– О, – говорит она затем, её тон меняется на удивлённый и в голосе сквозит разочарование. – Ну, думаю, я могу вернуться на неделю раньше, если это единственный раз, когда директор смог запланировать встречу актёров.

Чёрт, у меня с ней осталось всего две с половиной недели? Этого времени недостаточно, чтобы вывести её из моего организма. Недостаточно времени, чтобы выкинуть её из головы.

На светофоре я жду, когда она повернётся ко мне, но этого не происходит. Взамен она обхватывает рукой талию и крепко сжимает телефон, и начинает говорить в более резких тонах, пока, наконец, не заканчивает разговор.

– Прошу прощения за это.

– Всё хорошо. Значит, всего три недели?

– Похоже на то. Прости, я не планировала всё таким образом. Я хотела провести больше времени со всеми.

«Больше времени с тобой», понял я по выражению её глаз.

Никаких чувств, продолжаю повторять я себе. Но спустя три дня, кажется, мы оба окунулись в эти мутные воды. Что, чёрт возьми, произойдёт через три недели? Мне нужно помнить, что она уедет быстрее, чем планировалось, и мне нужно держать эмоции под контролем. Куинн не хочет здесь оставаться, а я не хочу менять свой холостяцкий образ жизни.

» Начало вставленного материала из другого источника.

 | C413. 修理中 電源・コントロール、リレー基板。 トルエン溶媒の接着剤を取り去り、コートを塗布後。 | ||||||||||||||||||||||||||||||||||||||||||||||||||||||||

– Иззи будет раздавлена, – намекаю я, когда подъезжаю к авто-кафе с жареной курицей.

Она молчит, позволяя мне заказать, и поскольку мы стоим в очереди, чтобы заплатить, спрашивает почти невинно.

– А ты?

Зацикливаясь на ней и её смешанном выражении лица из отчаяния и надежды, не могу заставить себя причинить ей боль, раздавить её. Вместо этого говорю правду, как бы меня это не ранило.

– Со мной всё будет хорошо, Куинн. Мне просто нужно получить от тебя как можно больше, пока ты здесь.

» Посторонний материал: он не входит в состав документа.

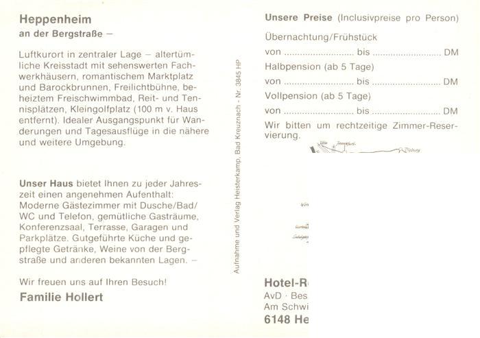73878829 Heppenheim Bergstrasse Hotel Restaurant Schlossberg Gastraeume Zimmer postalisch nicht gelaufen Werbekarte (keine Postkarte) Erhaltung siehe scans [WerneD78] KatCode: 11110006431011
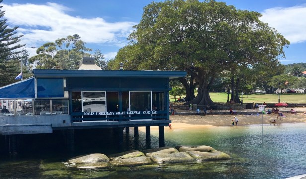 stayed at a hotel close to Darling Harbour and from there it’s possible to walk into the CBD & many other inner city areas of Sydney or take the ferries to various destinations &/or harbourside villages. On our numerous visits to Sydney over 40 years (before that we lived there), we’ve stayed in various places (circled on the map below) that can be accessed by ferry – some of our favourite Harbourside places to visit &/or stay have been in Balmain (where my grandparents’ lived…see photo below); Milson’s Point/North Sydney (near the Olympic Pool on the harbour + Luna Park); The Rocks (historic area); Watson’s Bay (see photos below); Manly; Rose Bay…to name a few. Another favourite Harbourside beach is Nielsen Park, Vaucluse (see photo below)…during cooler seasons we’ve taken ferry to Watson’s Bay & walked (30 min). Lovely nature reserves at all the places listed above – so perfect for a picnic or there are numerous cafes and in some places, restaurants eg. Doyles Seafood at Watson’s Bay (photo below).

Её взгляд ищет мой, и вижу, что мои слова ранят её больше, чем я предполагал, но знаю, что она находит в них правду.

– Я тоже буду скучать по вам обоим, очень сильно. Вы – моя единственная семья.

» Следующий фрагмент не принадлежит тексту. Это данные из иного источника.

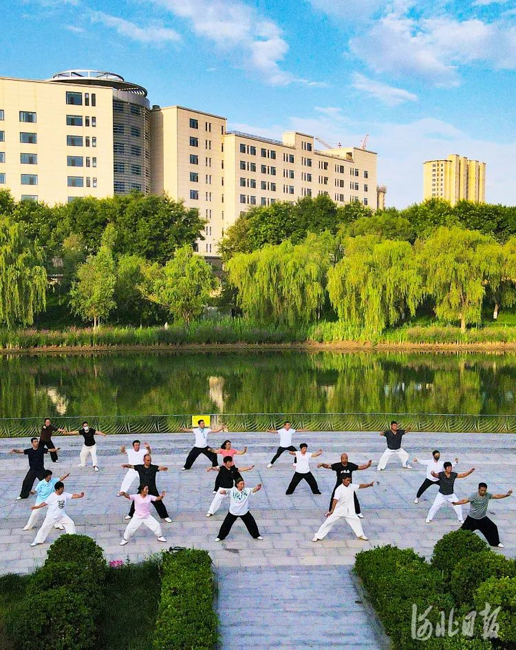 蓝天白云下,霸州市民在公园打拳健身。河北日报记者赵永辉摄
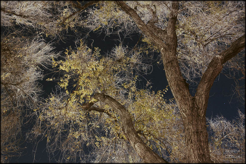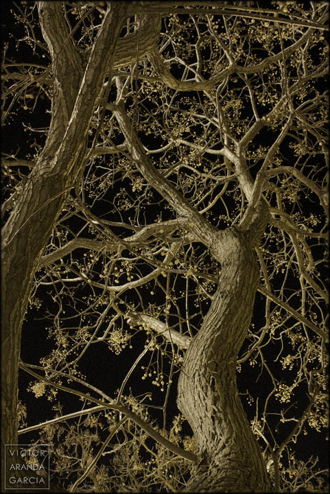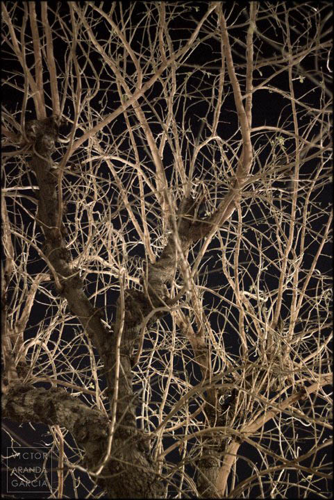 Serie de fotografí­a de naturaleza, árboles en el entorno urbano bajo la luz de las farolas de la ciudad de noche

Подходит наша очередь, и я плачу за наш обед и вручаю пакет Куинн, который она сразу же ставит на пол между ног.

Когда мы снова выезжаем на дорогу, я спрашиваю.

– А как насчёт твоей семьи, Куинн? Тебе не кажется, что тебе стоит попытаться увидеть их, пока ты здесь? Прошло уже много лет.

– Они не хотят меня видеть.

– Я думал, что они звонили на днях, прося зайти на ужин?

– Да. Но это не из-за меня. Это приглашение, чтобы наказать меня за мой выбор карьеры, и сказать мне, как сильно они хотели, чтобы я, как и они, продолжила карьеру в науке. Я всегда разочаровывала их, и они, не колеблясь, говорили мне об этом.

– Ничего себе, я понятия не имел.

– Они даже никогда не приезжали навестить меня. Даже когда я отправила им билеты на самолет и всё устроила. Я бросила это после двух лет попыток.

– Мне очень жаль, Куинн. Как насчёт этого? Я могу пойти с тобой на ужин, побыть буфером.

Выражение удивления появляется на её лице, как будто единственный акт доброты чужд ей. Конечно, этого не может быть. Люди должны постоянно требовать от неё что-то сделать.

– Ты сделаешь это для меня?

– Всё что угодно для тебя, милая.

Тишина заполняет пустоту в машине, но это не неприятно. Это удобное сочетание двух людей, которые чувствуют себя комфортно друг с другом.

– Когда у тебя следующий выходной или когда ты рано ложишься спать? – Куинн спрашивает, печатая на своём телефоне.

Думая о своём графике, я вспоминаю, что работаю в очень раннюю смену в субботу, и значит, покину работу в полдень.

– Я свободен в субботу вечером, если это нормально для них.

– Не волнуйся, я не дам им выбора, – отвечает она, а её пальцы быстро двигаются, пока она, наконец, не бросает телефон обратно в сумку. Она сидит, раздражённо скрестив руки на груди.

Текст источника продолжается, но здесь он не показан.